*** Given records Section Begins ***
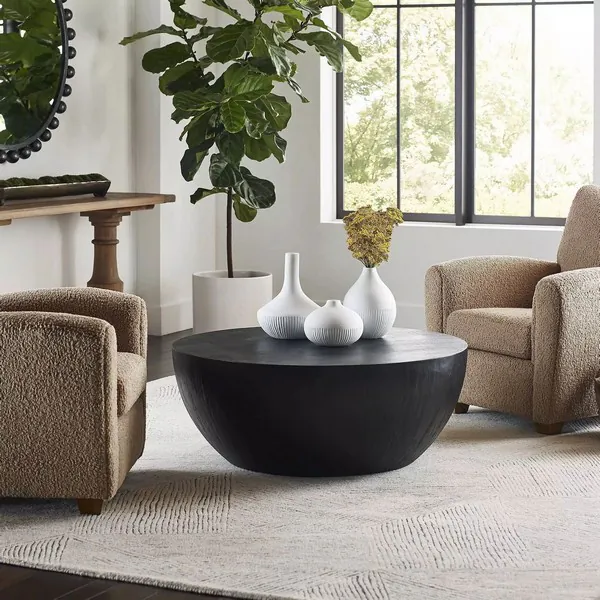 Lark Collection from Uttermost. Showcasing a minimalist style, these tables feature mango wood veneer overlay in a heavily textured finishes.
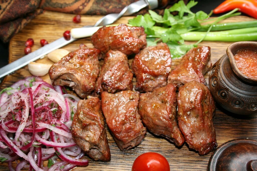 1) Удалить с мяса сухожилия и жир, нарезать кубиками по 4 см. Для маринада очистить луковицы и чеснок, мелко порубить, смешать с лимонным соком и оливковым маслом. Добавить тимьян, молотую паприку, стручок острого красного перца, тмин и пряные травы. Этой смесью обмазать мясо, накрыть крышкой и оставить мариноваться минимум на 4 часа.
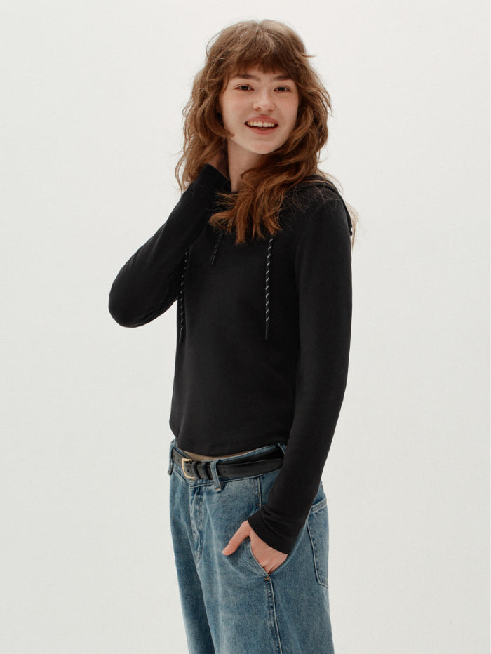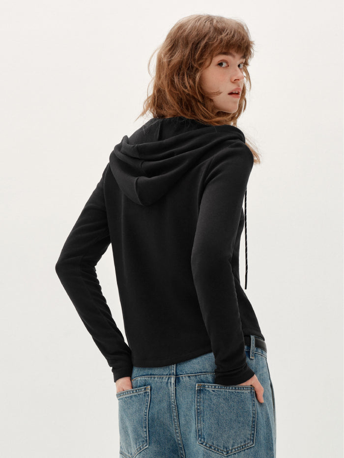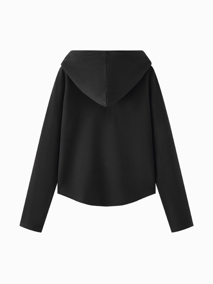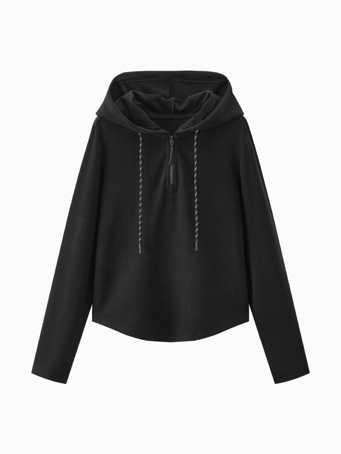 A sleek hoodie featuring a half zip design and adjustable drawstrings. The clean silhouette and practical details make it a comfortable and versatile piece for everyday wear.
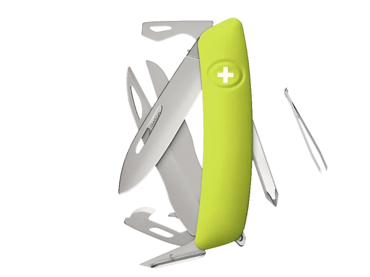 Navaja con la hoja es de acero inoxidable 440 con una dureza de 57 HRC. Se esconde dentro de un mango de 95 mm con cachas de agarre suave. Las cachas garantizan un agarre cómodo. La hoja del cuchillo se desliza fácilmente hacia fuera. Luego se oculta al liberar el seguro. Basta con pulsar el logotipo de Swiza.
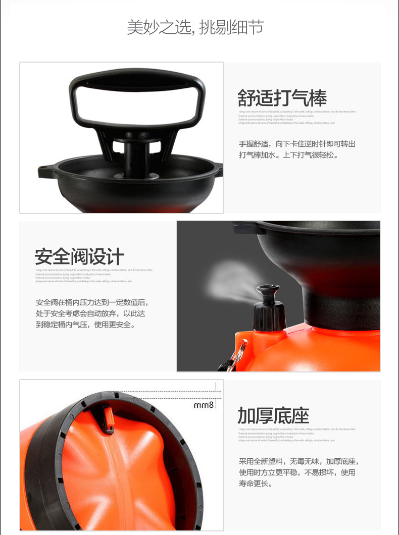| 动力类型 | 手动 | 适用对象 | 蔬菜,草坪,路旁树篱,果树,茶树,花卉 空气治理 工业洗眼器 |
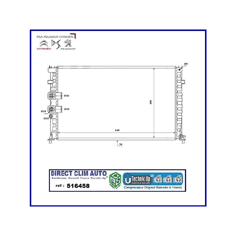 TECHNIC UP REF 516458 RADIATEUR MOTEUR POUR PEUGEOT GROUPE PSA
*** Given records Section Ends ***
** What you need to do **
Your job is to copy each entry exactly as written; the pictures do not go in.

** Solution to this exercise **
 Lark Collection from Uttermost. Showcasing a minimalist style, these tables feature mango wood veneer overlay in a heavily textured finishes.
 1) Удалить с мяса сухожилия и жир, нарезать кубиками по 4 см. Для маринада очистить луковицы и чеснок, мелко порубить, смешать с лимонным соком и оливковым маслом. Добавить тимьян, молотую паприку, стручок острого красного перца, тмин и пряные травы. Этой смесью обмазать мясо, накрыть крышкой и оставить мариноваться минимум на 4 часа.
 A sleek hoodie featuring a half zip design and adjustable drawstrings. The clean silhouette and practical details make it a comfortable and versatile piece for everyday wear.
 Navaja con la hoja es de acero inoxidable 440 con una dureza de 57 HRC. Se esconde dentro de un mango de 95 mm con cachas de agarre suave. Las cachas garantizan un agarre cómodo. La hoja del cuchillo se desliza fácilmente hacia fuera. Luego se oculta al liberar el seguro. Basta con pulsar el logotipo de Swiza.
| 动力类型 | 手动 | 适用对象 | 蔬菜,草坪,路旁树篱,果树,茶树,花卉 空气治理 工业洗眼器 |
 TECHNIC UP REF 516458 RADIATEUR MOTEUR POUR PEUGEOT GROUPE PSA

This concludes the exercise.